Nut allergies

Okay, I’m sure everyone here knows that peanuts aren’t actually nuts, but are actually legumes, but that brings me to questions I can’t find the answer to… If you’re allergic to peanuts, are you more likely to be allergic to actual nuts and vice versa? If you’re allergic to peanuts, are you more likely to be allergic to beans? I mean, if you’re allergic to peanuts, would cashews have a similar effect, or could you gobble them by the double-fistful without worrying? I’m not asking anyone with peanut allergies to test this out, but if anyone’s done it already, I’d like to know the results.
Thanks bunches.
John T.

Did you ever think about going to a doctor?

I don’t have a nut or peanut allergy, and going to a doctor just to satisfy my curiousity seems like a bit of a waste.

First off, peanuts are nuts. A nut is simply any hard-shelled, dry fruit, it’s an English word, not a botanical one and doesn’t map onto particular fruit types, plant families or plant anatomies. Legume is a botanical term that refers either to an entire superfamily, or to the production of root nodes, neither of which exludes the production of nuts. A peanut is as much a nut as a macadamia, coconut or acorn.

Now back to the actual question, the answer is unlikely. Peanut allergies are caused 99.9998% of the time by a reaction to the protein in peanuts, and being legumes they contain large amounts of protein.
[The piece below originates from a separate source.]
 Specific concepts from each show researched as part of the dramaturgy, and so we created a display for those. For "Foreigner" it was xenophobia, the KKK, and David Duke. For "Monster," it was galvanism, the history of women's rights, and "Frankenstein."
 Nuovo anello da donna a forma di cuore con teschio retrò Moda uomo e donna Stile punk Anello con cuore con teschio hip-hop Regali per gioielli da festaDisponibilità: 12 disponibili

Non-leguminous nuts are unlikely to contain the same amounts of protein (coconuts are an exception) and being so distantly related don’t produce the same proteins, so unless you happen to be allergic to a common plant protein, or to the oils or other substances in peanuts, you shouldn’t be affected by other plants. If you are then you’ll be allergic to a whole suite of non-nut vegetables as well, and your condition wouldn’t be diagnosed as a peanut allergy.
Legumes are more closely related and I have worked with a woman who was allergic to virtually all legumes. However this is obviously rare and entails a lot more than just being allergic to peanuts. It’s not described as being an allegy to peanuts, but an allergy to legumes.
And people who suffer from allergies usually suffer from more than one, so I suppose that statistically being allegic to anything makes you more likely to be allergic to other nuts or other legumes.
So the summary, yes more people who are allergic to peanuts should be allergic to other nuts, and to other legumes, but the incidences are low and you wouldn’t reach the age of 10 without realising you have an allergy to vegetable oil or to legumes.
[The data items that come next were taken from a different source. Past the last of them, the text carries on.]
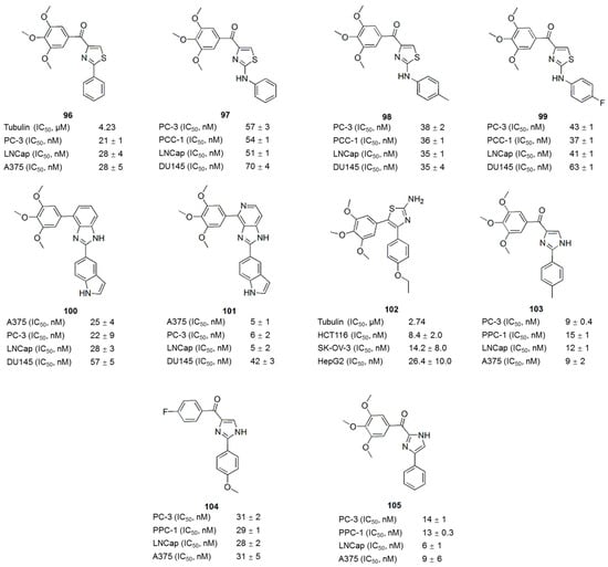 A series of 4-substituted methoxybenzoyl-aryl-thiazoles (SMART) based on the lead compound 2-arylthiazolidine-4-carboxylic acid amides (ATCAA) have been synthesized [141]. Of these SMART compounds, compound 96 (Figure 13) is a representative analogue that possesses nanomolar activity in inhibiting melanoma and prostate cancer cell growth in vitro. Based on preliminary studies, SMART compounds inhibit tubulin polymerization, effectively prevent the formation of functional microtubules and block cell mitosis. Furthermore, SMART compounds also showed great promise in overcoming Pgp mediated MDR in vitro [142]. Introducing an amino group between the A- and B-rings creates phenyl-aminothiazole (PAT); among these compounds, analogues 97, 98 and 99 (Figure 13) showed similar antiproliferative potency against cancer cells, including MDR cancer cell lines. However, the solubility and in vivo bioavailability were greatly improved compared with the SMART compounds [143]. New derivatives with modifications at the carbonyl linker of SMART and modification of the A-ring of the PAT template have been synthesized To block the metabolically labile sites on 96 (Figure 13) [144]. The SAR analysis (Figure 14) of these compounds led to the identification of new benzimidazole and imidazo[4,5-c]pyridine-fused ring templates, represented by compounds 100 and 101 (Figure 13), respectively. Both compounds showed enhanced anticancer activity and substantially improved metabolic stability in liver microsomes compared to compound 96 and stronger inhibition of tubulin polymerization compared to colchicine. In addition, a series of 4,5-diarylthiazole derivatives were synthesized based on chemical modification of CA-4 through the transformation of N and S atom in the thiazole ring, and some new microtubule-destabilizing agents were identified [145]. Compound 102 (Figure 13), which contains a 3,4,5-trimethoxyphenyl group at the C-4 position and 4-ethoxyphenyl group at the C-5 position of the 2-amino substituted thiazole, was the most potent compound against five human cancer cell lines (IC50 values of 8.4–26.4 nM) in the SAR study. Compound 102 also circumvents drug resistance, possesses high antivascular activity in vitro and significantly suppresses tumor growth in xenograft models, indicating that compound 102 is a potent microtubule-destabilizing and vascular-disrupting agent for use in cancer treatment.
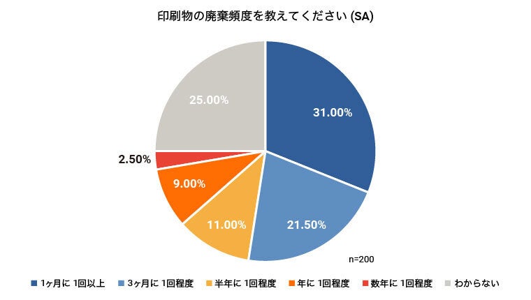 印刷物の廃棄頻度は「1ヶ月に1回以上(31.00%)」、「3か月に1回程度(21.50%)」とこまめに廃棄や在庫の棚卸をしている現状が分かりました。
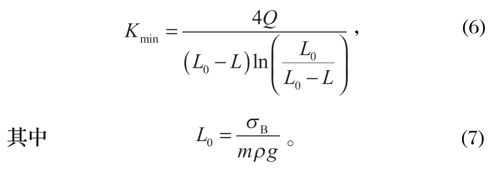 式中:L0 為罐道繩ji限懸垂長度,m;σB 為罐道繩的抗拉強(qiáng)度,N/m2;m 為罐道繩的安全系數(shù),取 m=6;ρ 為罐道繩的密度,平均取 9 000 kg/m3。
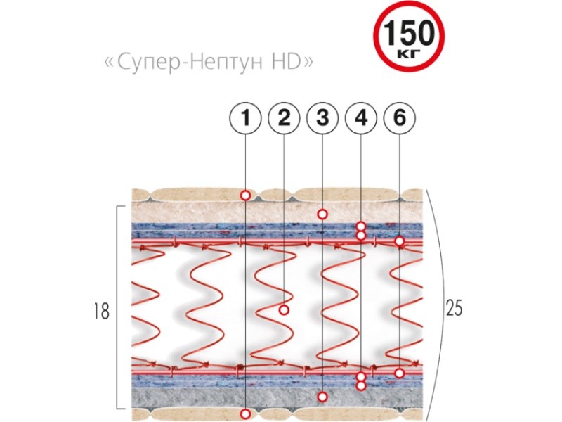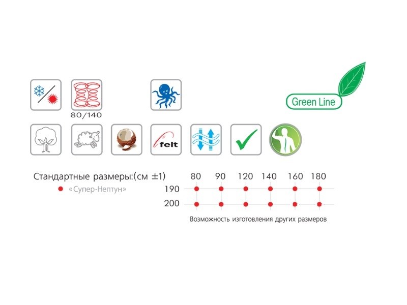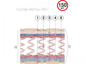 СУПЕР-НЕПТУН HD решает проблему людей, чей спокойный отдых требует еще большего внимания (до 150 кг). Усиленный пружинный блок «Bonnell», классический набор оптимальных по качеству настилочных материалов и, непременно, присутствие эффекта «Зима-Лето». Съемный чехол. Спокойный сон - привилегия тех, кто использует надежные матрасы.

Wow, answered my question and dispelled a myth I’ve been lugging around for decades… Unless someone chooses to argue with you, Gaspode, I owe you two 'thank you’s. :slight_smile:

I’ll argue :slight_smile:
A nut is, according to my handy-dandy biology dictionary here, a “dry indehiscent, single-seeded fruit, somewhat similar to an achene but the product of more than one carpel (bolding mine)…”. A legume, on the other hand, is specifically formed from but a single carpel, and is limited to members of the family Leguminoseae. Legumes are also not indehiscent (an indehiscent fruit is one in which the seed conatiner does not spontaneously open to release the seeds). Thus, peanuts are not nuts, except in common vernacular.

Also, to answer the OP, my roommate is allergic to nuts, but not to peanuts.
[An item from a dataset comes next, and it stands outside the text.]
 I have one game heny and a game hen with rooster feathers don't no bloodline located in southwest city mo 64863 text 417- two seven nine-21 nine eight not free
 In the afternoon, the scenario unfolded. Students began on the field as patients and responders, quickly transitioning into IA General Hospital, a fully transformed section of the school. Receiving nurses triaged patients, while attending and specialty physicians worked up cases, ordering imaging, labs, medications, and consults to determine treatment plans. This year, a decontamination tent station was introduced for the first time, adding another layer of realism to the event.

I once knew somebody who was deathly allergic to nuts, to the point of having to get packed off to the hospital and treated for anaphylactic shock if she ate a walnut. She didn’t know if she was allergic to peanuts and maintained that she wasn’t going to eat one to find out. She also got asked a lot.

I am alergic to cashews-quite entertainingly so, my friends tell me-I swell up, get little bumps and rashes-but those are the only nuts I am alergic to.

I can eat all he other nuts in the can of mixed nuts and have no problem. But if I consume one cashew, send me to the sideshow.

I am also alergic to blueberries and the reaction is even more entertaining.

I had a student in my class last year who was deathly allergic to peanuts. I even had an Epi-Pen in the room for him, just in case.

He was not allergic to walnuts, almonds, cashews and other nuts. I had to know because we took a trip to a farm and the kids got to shell and eat black walnuts right off the tree.

Anyone else thinking of that scene with the gum-chewer (what was her name?!?) in Willy Wonka and the Chocolate Factory?